Analysis of codon usage bias in the VP1 gene of the human norovirus GII.2 genotype

Haoning Wang, Guanglin Cui, Xiaolong Wang, Minghai Zhang, Jimin Tan, Xingguang Li


To investigate the codon usage patterns of all available VP1 gene sequences of the GII.2 genotype, to determine the factors that affect these patterns, and to provide comprehensive details of the characteristics and evolution of the gene. Complete 519 sequences of VP1 gene of the HuNoV GII.2 genotype with known sampling dates and geographic locations from 1971 - 2017 were retrieved from the GenBank nucleotide database of the National Center for Biotechnology Information (NCBI) and analyzed. The percentage composition of T, C, A, and G nucleotides were 24.80 ± 0.30, 26.61 ± 0.31, 25.84 ± 0.13, and 22.75 ± 0.17 %, respectively, with C and A relatively more abundant than T and G, and C the most abundant (p < 0.0001). The values of T3s (34.10 ± 0.90 %) and C3s (33.54 ± 0.90 %) were significantly higher than those of A3s (29.98 ± 0.43 %) and G3s (24.13 ± 0.51 %) (p < 0.0001).

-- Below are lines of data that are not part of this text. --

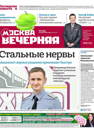 «Вечерняя Москва» — ежедневная российская вечерняя газета, старейшее из вечерних изданий в России, учрежденное в 1923 году. Выходит пять дней в неделю, кроме субботы и воскресенья. Отличается тем, что рассказывает о событиях еще не завершившегося дня. Оперативно освещает хронику и особенности жизни Москвы, охватывает все слои общества и большинство профессиональных и возрастных групп читателей.Издание представлено тремя выпусками – утренним ежедневным, вечерним (выходит три раза в неделю), еженедельным (выходит по четвергам).
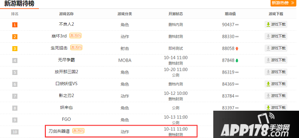 10月10日,距首测开启尚有一日,咱们的游戏已然登上APP178手游新游期待榜前10,在下特地拜谢诸位侠士对《刀剑兵器谱》的支持,这江湖最是热血!
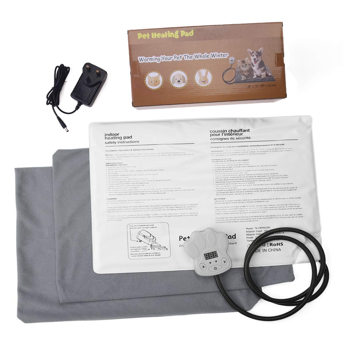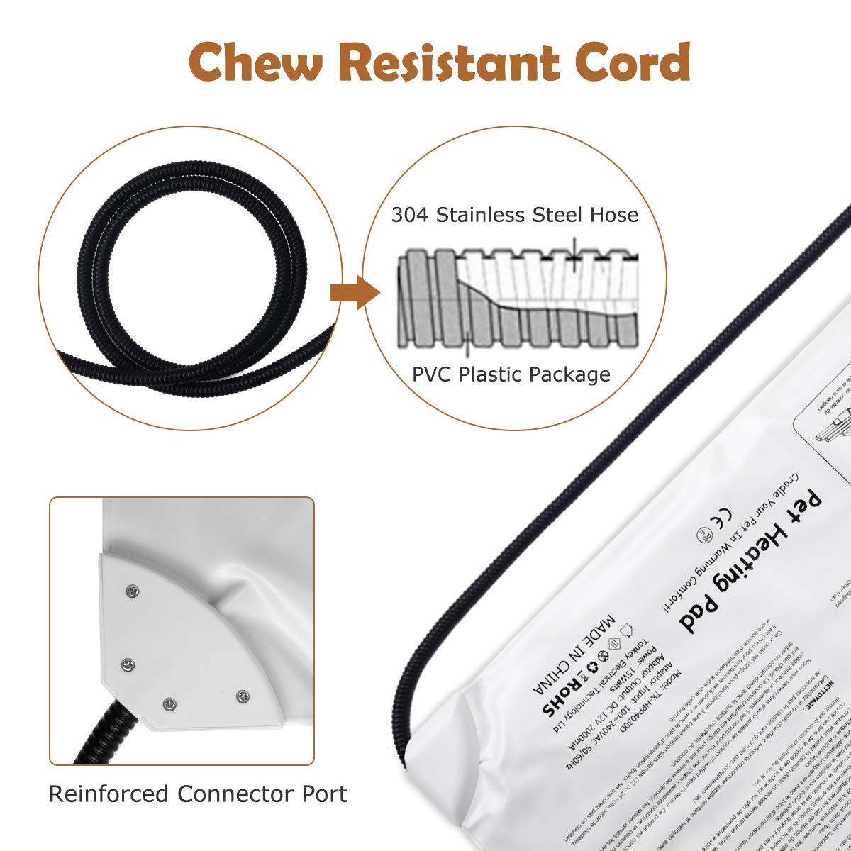 【Contrôle de la température constante】: Le coussinet ne chauffe que jusqu’à la température recommandée par le vétérinaire. Lorsque le coussin chauffant atteint la température que vous avez définie, il s’éteindra automatiquement. Une fois que la température est inférieure à celle que vous avez définie, il se lancera automatiquement. L’adaptateur basse tension hassecurity.

While T3s was highest among the four nucleotides, G3s was the lowest. Among the 18 most frequently employed synonymous codons, six optional codons ended with T, five ended with C, five ended with A and two ended with G. Codons ending with T were the most frequently used. The ENC ranged from 51.90 to 54.25 (mean = 52.38 ± 0.43) among the 519 VP1 gene sequences. There were significant correlations between ENC and C % and G % (p < 0.01). Codons containing CpG (1 and 2 or 2 and 3 codon positions) showed the lowest frequencies, while 30, 29, and 2 codons were above, below and on the mean line, respectively. The first four principal components accounted for 69.11 % of the total variation, with the first, second, third, and fourth principal axes contributing 37.90, 14.83, 9.61, and 6.77 %, respectively. The strains were not clustered by country of isolation or year of sampling. Gravy were significantly correlated with T3s, C3s, G3s, GC3s, and ENC (p < 0.01). Mutation pressure and natural selection contributed to the codon usage bias of the VP1 gene of the HuNoV GII.2 genotype. There was a correlation between GC12s and GC3s (R2 = 0.032; p < 0.0001). The relative neutrality was 3.20 %, while natural selection was 96.80 %. The VP1 gene exhibits low codon usage bias which is affected primarily by natural selection, followed by mutation pressure and translational selection.


Human norovirus; GII.2 genotype; Codon usage bias; Natural selection; Mutation pressure.